### Data
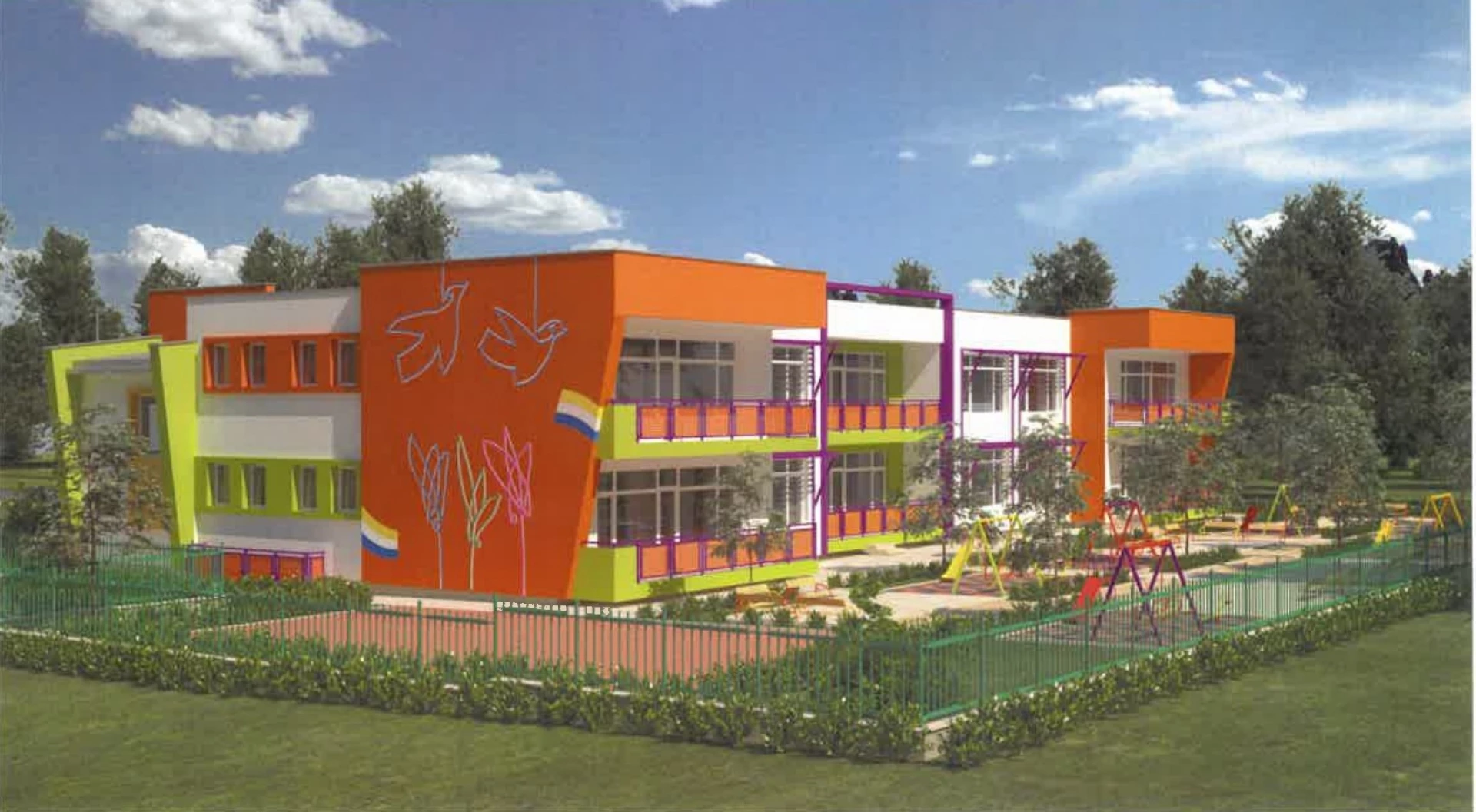 Сградата ще бъде разположена в северната част на имота, като достъпът до нея и стопанското обслужване ще се осъществяват от ул. „Панагюрище“. Южната част на дворното пространство е предвидена за игри и отдих на децата, с обособени площадки за всяка яслена група, обща физкултурна площадка и озеленени площи.
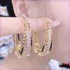 Gold Color Crystal Stone Hoop Earrings Twisted Metal Shape Silver Plating New Fashion Women Earrings Party Jewelry Birthday Gift
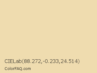 CIELab 88.272,-0.233,24.514 Color is a very light orange color and the nearest color is Chamois #eddcb1. Hex code #efdcaf and RGB value is rgb(239,220,175). In RGB color space, this color is composed of 94% red, 86% green, 69% blue, In CMYK color space, this color is composed of 0% cyan, 8% magenta, 27% yellow , 6% black , In HSL color space, this color has a hue angle of 42° , 67% saturation and 81% lightness.
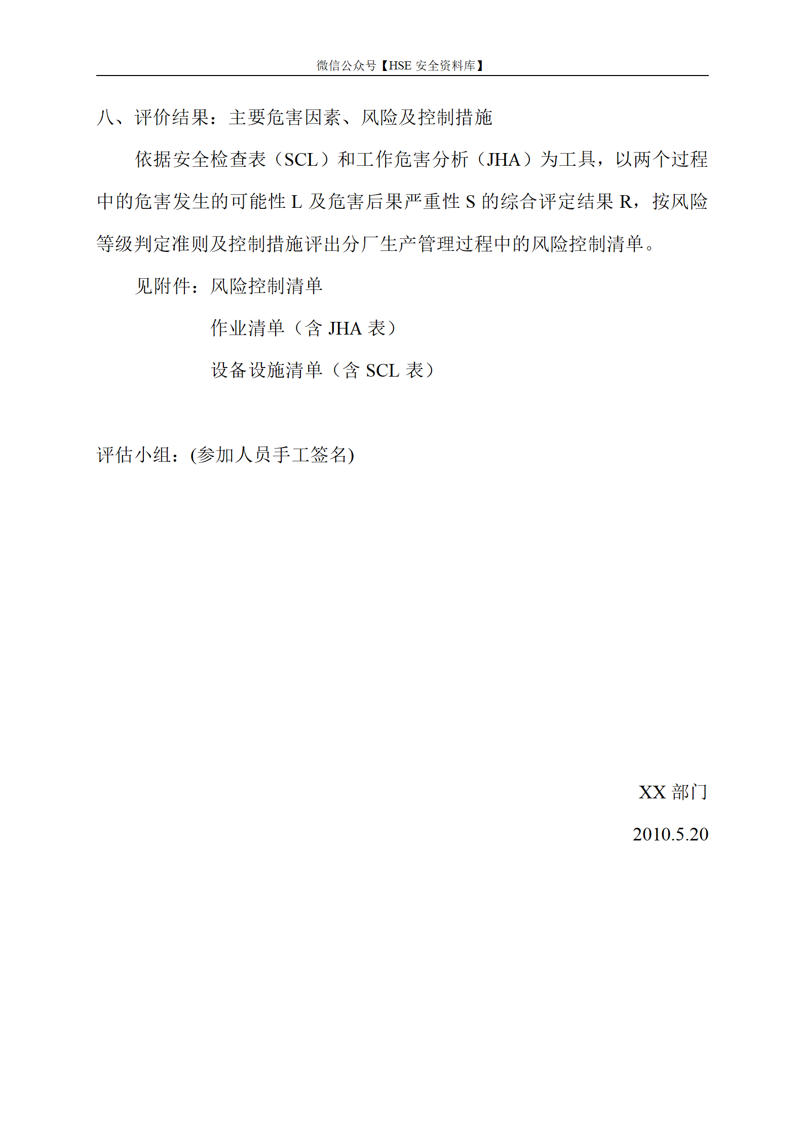 风险评价报告(JHA、SCL表)
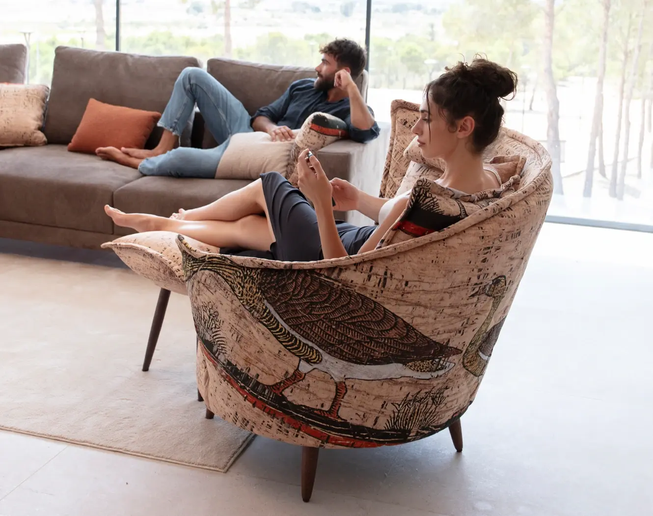Es difícil crear nuevas tipologías de sillones que ofrezcan propuestas innovadoras. Volta se eleva del suelo sobre cuatro patas inclinadas, y sin embargo, gracias a un ingenioso sistema, puede girar libremente.
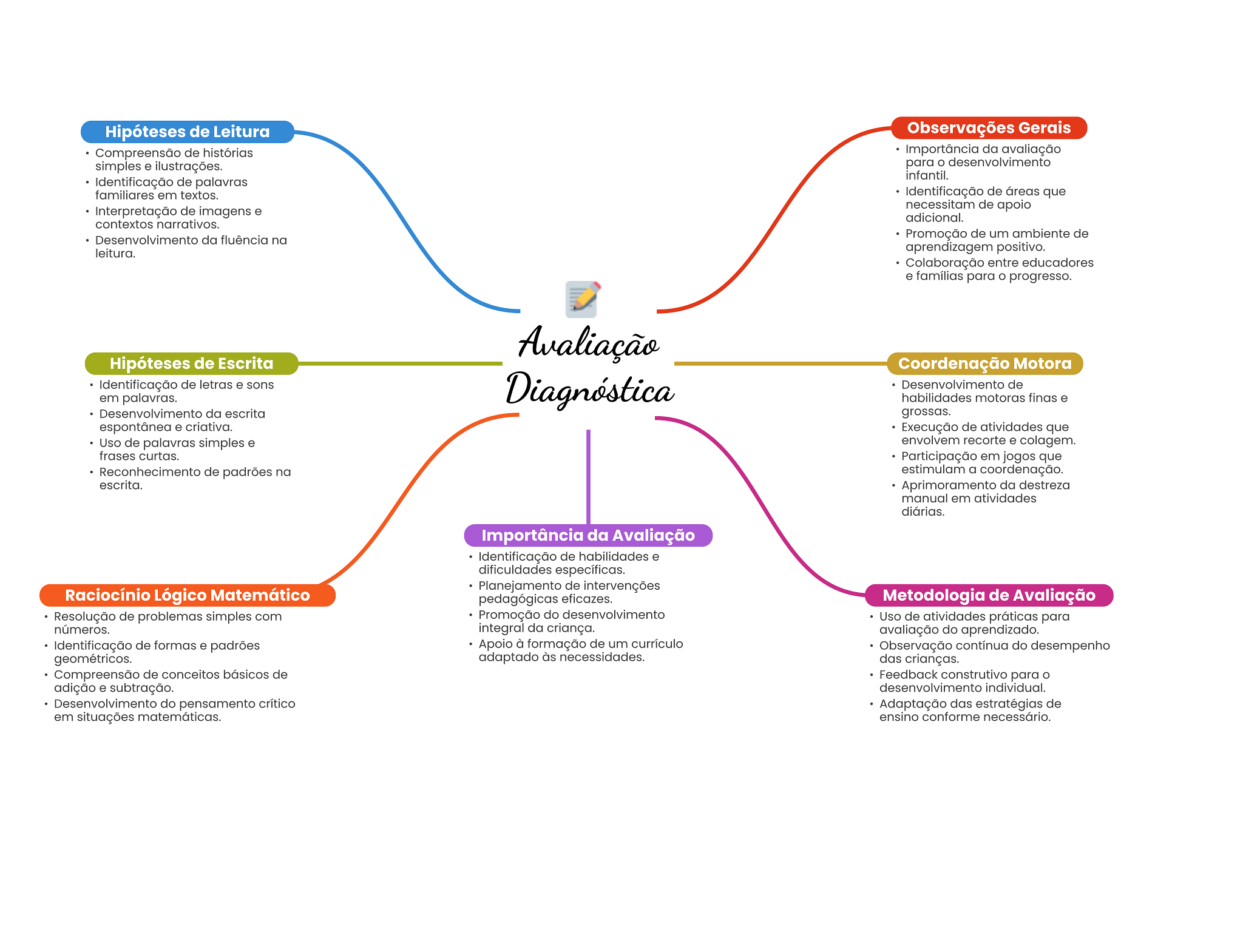 Hipóteses de Leitura Observações Gerais Compreensão de histórias Importância da avaliação simples e ilustrações. para desenvolvimento infantil. Identificação de palavras familiares em textos. Identificação de áreas que Interpretação de imagens e necessitam de apoio adicional. contextos narrativos. Desenvolvimento da fluência na Promoção de um ambiente de leitura. aprendizagem positivo. Colaboração entre educadores e famílias para progresso. Avaliação Hipóteses de Escrita Coordenação Motora Identificação de letras e sons em palavras. Diagnóstica Desenvolvimento de habilidades motoras finas e Desenvolvimento da escrita grossas. espontânea e criativa. Execução de atividades que Uso de palavras simples e envolvem recorte e colagem. frases curtas. Participação em jogos que Reconhecimento de padrões na estimulam a coordenação. escrita. Aprimoramento da destreza manual em atividades diárias. Importância da Avaliação Identificação de habilidades e dificuldades específicas. Planejamento de intervenções Raciocínio Lógico Matemático pedagógicas eficazes. Metodologia de Avaliação Resolução de problemas simples com Promoção do desenvolvimento Uso de atividades práticas para números. integral da criança. avaliação do aprendizado. Identificação de formas e padrões Apoio à formação de um currículo Observação contínua do desempenho geométricos. adaptado às necessidades. das crianças. Compreensão de conceitos básicos de Feedback construtivo para O adição e subtração. desenvolvimento individual. Desenvolvimento do pensamento crítico Adaptação das estratégias de em situações matemáticas. ensino conforme necessário.
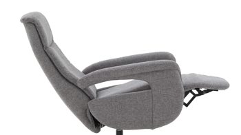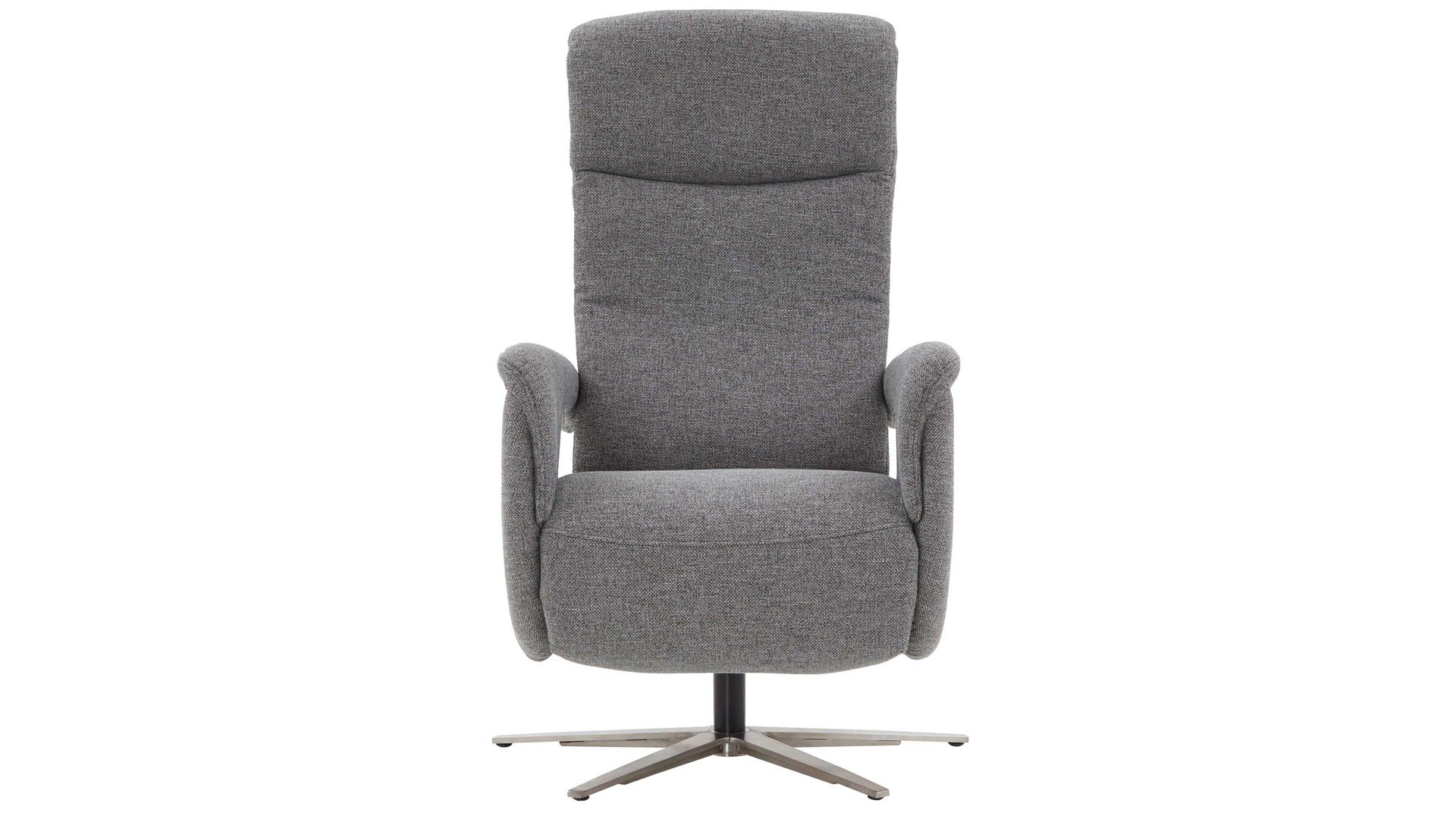 Kombinieren Sie den stahlfarbenen Stoffbezug mit kräftigen Farben oder mit modernem Weiß. Denn der edelstahlfarbene Metall-Sternfuß passt hervorragend auch zu einem schlichten Einrichtungsstil. Aber vor allem der Sitzkomfort wird bei diesem Drehsessel großgeschrieben. Denn neben einer Sitzhöhe von ca. 43 cm, einer Sitztiefe von ca. 53 cm und einer Sitzbreite von ca. 51 cm überzeugt der Polstersessel mit einer hochwertigen Schaumpolsterung auf Wellenfederung. Zudem ist der Fernsehsessel 360 Grad drehbar und bietet manuelle Relaxfunktionen: Mittels Körperdruck wird die Rückenlehne gesenkt und der Sitz geht automatisch nach vorn und nach oben.
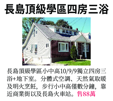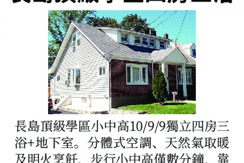 長島頂級學區小中高10/9/9獨立四房三浴+地下室。
######
Work instructions >> If a record holds a picture, leave the picture out, but repeat every line exactly.

Output for this exercise >>
 Сградата ще бъде разположена в северната част на имота, като достъпът до нея и стопанското обслужване ще се осъществяват от ул. „Панагюрище“. Южната част на дворното пространство е предвидена за игри и отдих на децата, с обособени площадки за всяка яслена група, обща физкултурна площадка и озеленени площи.
 Gold Color Crystal Stone Hoop Earrings Twisted Metal Shape Silver Plating New Fashion Women Earrings Party Jewelry Birthday Gift
 CIELab 88.272,-0.233,24.514 Color is a very light orange color and the nearest color is Chamois #eddcb1. Hex code #efdcaf and RGB value is rgb(239,220,175). In RGB color space, this color is composed of 94% red, 86% green, 69% blue, In CMYK color space, this color is composed of 0% cyan, 8% magenta, 27% yellow , 6% black , In HSL color space, this color has a hue angle of 42° , 67% saturation and 81% lightness.
 风险评价报告(JHA、SCL表)
Es difícil crear nuevas tipologías de sillones que ofrezcan propuestas innovadoras. Volta se eleva del suelo sobre cuatro patas inclinadas, y sin embargo, gracias a un ingenioso sistema, puede girar libremente.
 Hipóteses de Leitura Observações Gerais Compreensão de histórias Importância da avaliação simples e ilustrações. para desenvolvimento infantil. Identificação de palavras familiares em textos. Identificação de áreas que Interpretação de imagens e necessitam de apoio adicional. contextos narrativos. Desenvolvimento da fluência na Promoção de um ambiente de leitura. aprendizagem positivo. Colaboração entre educadores e famílias para progresso. Avaliação Hipóteses de Escrita Coordenação Motora Identificação de letras e sons em palavras. Diagnóstica Desenvolvimento de habilidades motoras finas e Desenvolvimento da escrita grossas. espontânea e criativa. Execução de atividades que Uso de palavras simples e envolvem recorte e colagem. frases curtas. Participação em jogos que Reconhecimento de padrões na estimulam a coordenação. escrita. Aprimoramento da destreza manual em atividades diárias. Importância da Avaliação Identificação de habilidades e dificuldades específicas. Planejamento de intervenções Raciocínio Lógico Matemático pedagógicas eficazes. Metodologia de Avaliação Resolução de problemas simples com Promoção do desenvolvimento Uso de atividades práticas para números. integral da criança. avaliação do aprendizado. Identificação de formas e padrões Apoio à formação de um currículo Observação contínua do desempenho geométricos. adaptado às necessidades. das crianças. Compreensão de conceitos básicos de Feedback construtivo para O adição e subtração. desenvolvimento individual. Desenvolvimento do pensamento crítico Adaptação das estratégias de em situações matemáticas. ensino conforme necessário.
 Kombinieren Sie den stahlfarbenen Stoffbezug mit kräftigen Farben oder mit modernem Weiß. Denn der edelstahlfarbene Metall-Sternfuß passt hervorragend auch zu einem schlichten Einrichtungsstil. Aber vor allem der Sitzkomfort wird bei diesem Drehsessel großgeschrieben. Denn neben einer Sitzhöhe von ca. 43 cm, einer Sitztiefe von ca. 53 cm und einer Sitzbreite von ca. 51 cm überzeugt der Polstersessel mit einer hochwertigen Schaumpolsterung auf Wellenfederung. Zudem ist der Fernsehsessel 360 Grad drehbar und bietet manuelle Relaxfunktionen: Mittels Körperdruck wird die Rückenlehne gesenkt und der Sitz geht automatisch nach vorn und nach oben.
 長島頂級學區小中高10/9/9獨立四房三浴+地下室。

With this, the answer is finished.